▶ [THE DATA]:
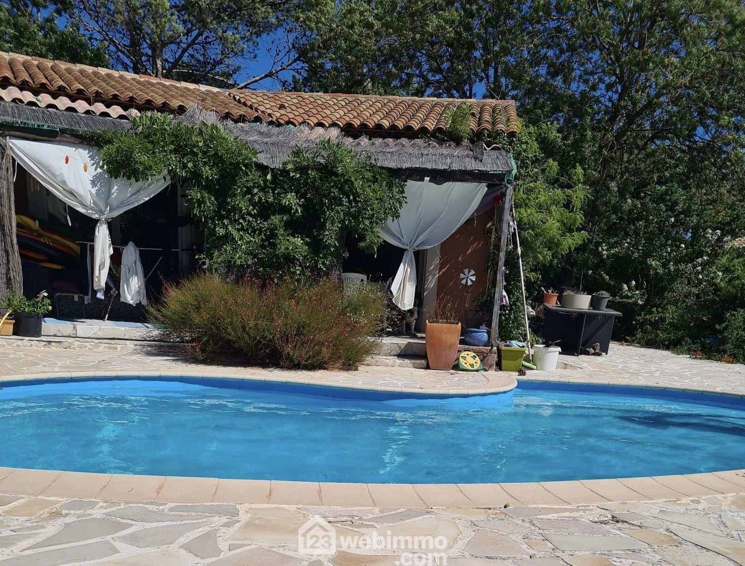 On accès de à la propriété par un portail électrique. Maison indépendante et d'une solide qualité de construction. La maison est agencée ainsi: un open space avec séjour climatisé se prolongeant sur terrasse et piscine, cuisine ouverte et aménagée, de plain pied: 3 chambres dont une suite parentale et une salle d'eau commune aux deux chambres (ultra pratique), une buanderie et un garage confortable.
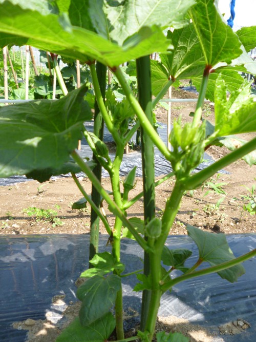 写真はオクラ!ちょうど花が咲いていました。キレイです♪
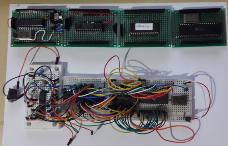 ps2: I fitted SRAMs one on the top of other. Either I'll upgrade in this prototype setup to more capacity sram or place them side by side since they take vertical space and not very usable currently. And I must admit, using sockets for ICs in this setup is not a good idea too. They also take vertical space.

▶ [YOUR OBJECTIVE]: Starting from the line where "写真はオクラ!ちょうど花が咲いていました。キレイです♪" appears, copy every line through the end of the material, both ends included, but no pictures.

▶ [RESULT FOR THIS EXERCISE]:
 写真はオクラ!ちょうど花が咲いていました。キレイです♪
 ps2: I fitted SRAMs one on the top of other. Either I'll upgrade in this prototype setup to more capacity sram or place them side by side since they take vertical space and not very usable currently. And I must admit, using sockets for ICs in this setup is not a good idea too. They also take vertical space.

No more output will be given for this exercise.